The PPE prediction model based on HNR demonstrates excellent generalization ability on the new dataset, with most of the observations closely following the regression trend line determined during the training stage. The prediction points for the three new samples all fall within the 95% confidence interval, verifying the reliability of the model. However, in the extreme HNR regions, the confidence intervals significantly widen, and the prediction uncertainty increases, indicating that the original training data has insufficient sample coverage in these areas. This model has high reliability within the intermediate HNR value range and is suitable for most clinical scenarios; for patients with extreme sound characteristics, it is recommended to combine other acoustic indicators to construct a multivariate model to improve the prediction robustness.

Discussions and conclusions:

Summary of statistical Findings: Our analysis identified HNR as the most significant predictor of PPE , accounting for 48.0% of its variance through a strong negative linear relationship. This was followed by spread2 (41.6% variance explained) , while NHR, RPDE, and D2 demonstrated progressively weaker predictive power . The HNR-based prediction model exhibited strong generalization on new data, with all test samples falling within the 95% confidence interval , though uncertainty increased in extreme HNR regions due to limited training data coverage in these ranges.

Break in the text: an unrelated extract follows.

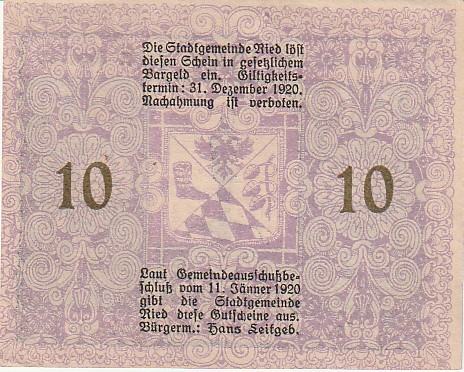 GRADSKI NOVAC AUSTRIA 10 HELERA 1920 G BILRGERM
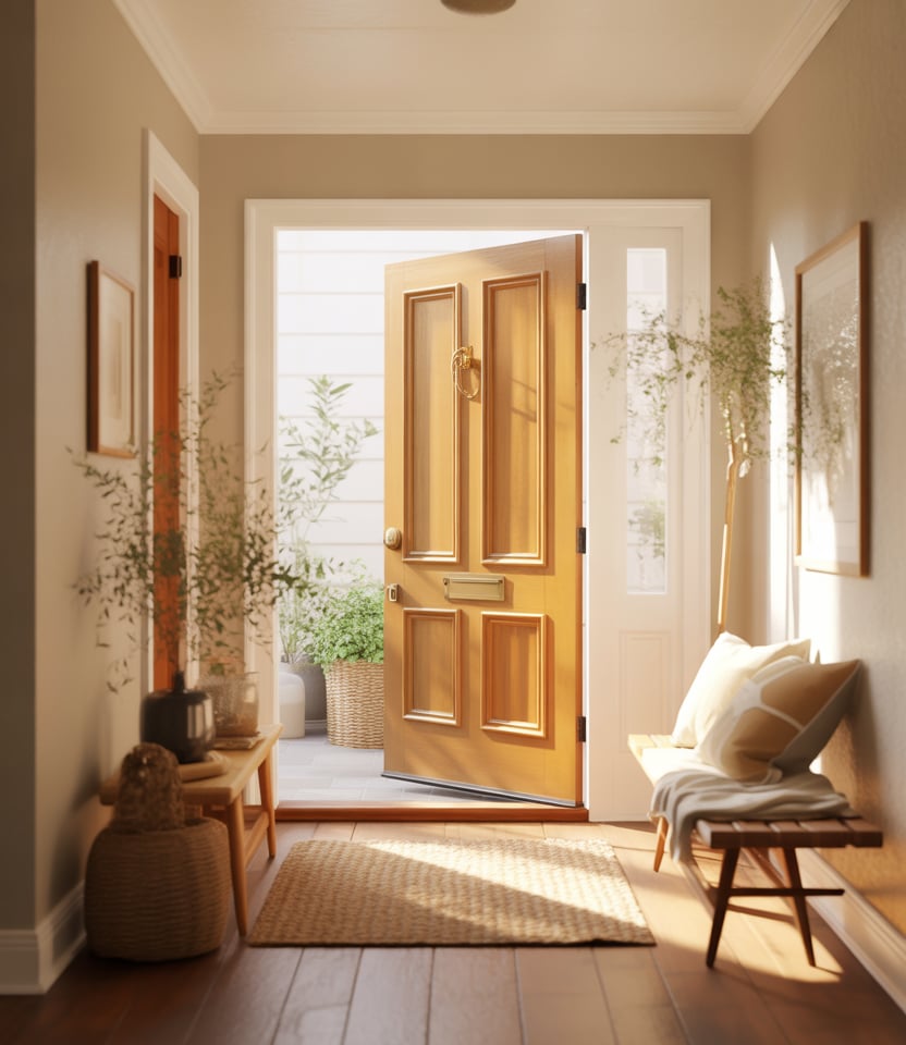 Golden tan doors are quietly rising as a welcoming front door color for 2026. They pair beautifully with gray house exteriors and natural stone, adding warmth without stealing attention. The look feels sunny, approachable, and timeless.

Contextualization with Introduction: This study directly addresses the critical need for non-invasive biomarkers in Parkinson’s disease diagnosis identified in our introduction. Where current clinical practice relies on observable motor symptoms that emerge only after significant neurodegeneration, our results demonstrate that objective acoustic measurements—particularly HNR and PPE—can detect vocal impairment much earlier. The strong performance of HNR validates Little et al.’s foundational work while advancing it through precise quantification of predictive power.

Clinical Relevance and Future Directions: These findings matter because they provide the statistical foundation for developing accessible, low-cost telemonitoring tools that could revolutionize Parkinson’s care. Voice-based screening enables frequent, remote assessment without clinical visits, potentially detecting progression earlier and personalizing treatment regimens.